本文完整代码见仓库,这里只列出producer/consumer的代码
kafka是什么
本节来源:Kafka - 维基百科,自由的百科全书、Kafka入门简介 - 知乎
首先我们得知道什么是Kafka。
Kafka是一个分布式流处理系统,流处理系统使它可以像消息队列一样publish或者subscribe消息,分布式提供了容错性,并发处理消息的机制。
kafka有以下一些基本概念:
- Producer - 消息生产者,就是向kafka broker发消息的客户端。
- Consumer - 消息消费者,是消息的使用方,负责消费Kafka服务器上的消息。
- Topic - 主题,由用户定义并配置在Kafka服务器,用于建立Producer和Consumer之间的订阅关系。生产者发送消息到指定的Topic下,消息者从这个Topic下消费消息。
- Partition - 消息分区,一个topic可以分为多个 partition,每个partition是一个有序的队列。partition中的每条消息都会被分配一个有序的id(offset)。
- Broker - 一台kafka服务器就是一个broker。一个集群由多个broker组成。一个broker可以容纳多个topic。
- Consumer Group - 消费者分组,用于归组同类消费者。每个consumer属于一个特定的consumer group,多个消费者可以共同消费一个Topic下的消息,每个消费者消费其中的部分消息,这些消费者就组成了一个分组,拥有同一个分组名称,通常也被称为消费者集群。
- Offset - 消息在partition中的偏移量。每一条消息在partition都有唯一的偏移量,消费者可以指定偏移量来指定要消费的消息。
安装环境
上一节,kafka的概念看着比较简单,发布-订阅/生产-消费的模型。
为了可以调用Kafka的C/C++ API, 需要先安装环境。
shell
# almlinux8
# dnf search kafka
# dnf install librdkafka-devel
# dnf search glib
# dnf install glib2-devel
# ubuntu22
# 开发库
➜ apt install librdkafka-dev libglib2.0-dev
# 安装docker环境
➜ apt install docker.io docker-compose
# 本地安装 Kafka
## ref: https://docs.confluent.io/confluent-cli/current/install.html#cp
➜ wget -qO - https://packages.confluent.io/confluent-cli/deb/archive.key | sudo apt-key add
➜ add-apt-repository "deb https://packages.confluent.io/confluent-cli/deb stable main"

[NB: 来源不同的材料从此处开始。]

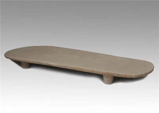 仔細(xì)端詳這臺石磨盤,你會發(fā)現(xiàn)它的做工竟如此規(guī)整:由整塊黃砂巖磨制而成,長100厘米,大頭寬44厘米,小頭寬22厘米,厚3.5厘米,表面平坦,沒有任何凹陷痕跡;兩邊呈直線,四角略呈弧形,底部也很平整,還有4個圓柱狀、支撐用的足,足長5厘米左右。試想,在當(dāng)時生產(chǎn)工具極度落后的時期,要制作如此大而規(guī)整的一個石磨盤,需要耗費多么大的勞動量,需要花上多少年的時間,才能打磨出這么平坦光致的效果?也正因如此,石磨盤成為當(dāng)時先民的貴重財產(chǎn)。

➜ apt install confluent-cli
## 启动kafka
## usage: https://docs.confluent.io/confluent-cli/current/command-reference/local/kafka/confluent_local_kafka_start.html
## error: https://stackoverflow.com/questions/63776518/error-2-matches-found-based-on-name-network-nameofservice-default-is-ambiguo
## error:https://stackoverflow.com/questions/77985757/kafka-in-docker-using-confluent-cli-doesnt-work
➜ whereis confluent
confluent: /usr/bin/confluent
➜ export CONFLUENT_HOME=/usr/bin/confluent
# 我执行下面命令后,没有看到Plaintext Ports信息
➜ confluent local kafka start
# 停止,然后重新启动,管用了
➜ confluent local kafka stop
➜ confluent local kafka start
The local commands are intended for a single-node development environment only, NOT for production usage. See more: https://docs.confluent.io/current/cli/index.html
Pulling from confluentinc/confluent-local
Digest: sha256:ad62269bf4766820c298f7581cf872a49f46a11dbaebcccb4fd2e71049288c5b
Status: Image is up to date for confluentinc/confluent-local:7.6.0
+-----------------+-------+
| Kafka REST Port | 8082 |
| Plaintext Ports | 43465 |
+-----------------+-------+
Started Confluent Local containers "8d72d911a4".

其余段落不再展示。